A verbatim reproduction of the following listing is required; omit the pictures.

PROVIDED MATERIAL:
*** Block opens ***

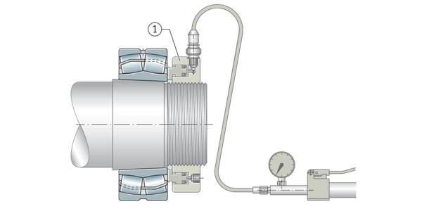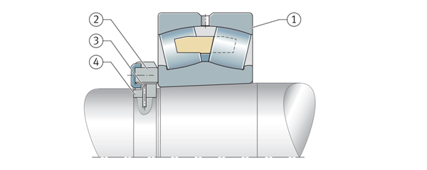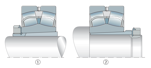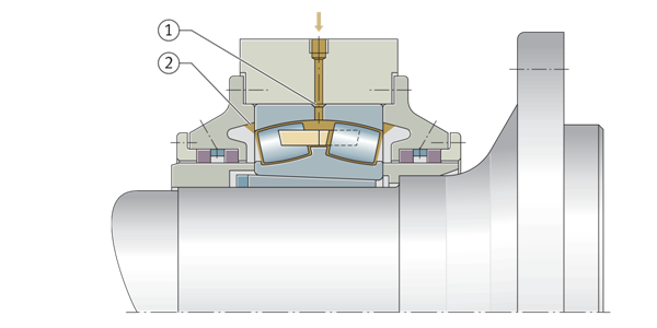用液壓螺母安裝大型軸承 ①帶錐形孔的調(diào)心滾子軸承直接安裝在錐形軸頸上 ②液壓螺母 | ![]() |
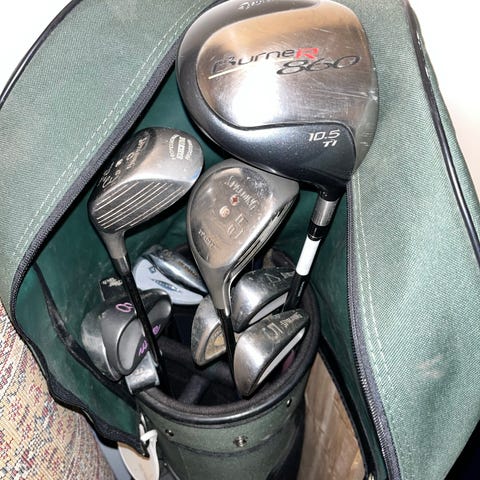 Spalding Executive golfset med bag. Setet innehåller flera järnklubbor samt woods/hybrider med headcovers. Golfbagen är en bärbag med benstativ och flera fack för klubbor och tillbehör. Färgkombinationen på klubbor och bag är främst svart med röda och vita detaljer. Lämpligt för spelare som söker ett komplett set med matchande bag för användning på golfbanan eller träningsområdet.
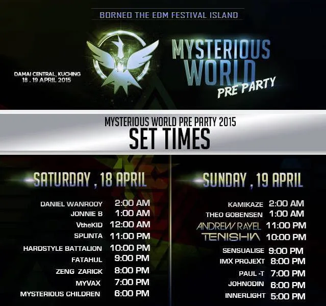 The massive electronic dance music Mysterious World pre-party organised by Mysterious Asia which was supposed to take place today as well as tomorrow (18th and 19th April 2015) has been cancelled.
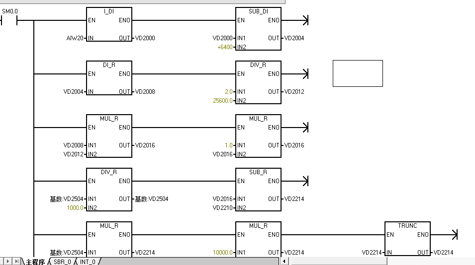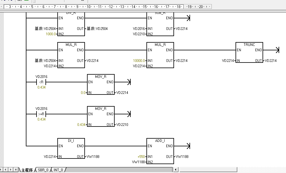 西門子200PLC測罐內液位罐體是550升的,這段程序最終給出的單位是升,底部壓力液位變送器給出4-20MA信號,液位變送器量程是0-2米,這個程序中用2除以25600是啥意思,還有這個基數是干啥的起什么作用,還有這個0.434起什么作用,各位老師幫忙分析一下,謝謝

*** Block closes ***

ANSWER TO THIS TASK:
用液壓螺母安裝大型軸承 ①帶錐形孔的調(diào)心滾子軸承直接安裝在錐形軸頸上 ②液壓螺母 | ![]() |
 Spalding Executive golfset med bag. Setet innehåller flera järnklubbor samt woods/hybrider med headcovers. Golfbagen är en bärbag med benstativ och flera fack för klubbor och tillbehör. Färgkombinationen på klubbor och bag är främst svart med röda och vita detaljer. Lämpligt för spelare som söker ett komplett set med matchande bag för användning på golfbanan eller träningsområdet.
 The massive electronic dance music Mysterious World pre-party organised by Mysterious Asia which was supposed to take place today as well as tomorrow (18th and 19th April 2015) has been cancelled.
 西門子200PLC測罐內液位罐體是550升的,這段程序最終給出的單位是升,底部壓力液位變送器給出4-20MA信號,液位變送器量程是0-2米,這個程序中用2除以25600是啥意思,還有這個基數是干啥的起什么作用,還有這個0.434起什么作用,各位老師幫忙分析一下,謝謝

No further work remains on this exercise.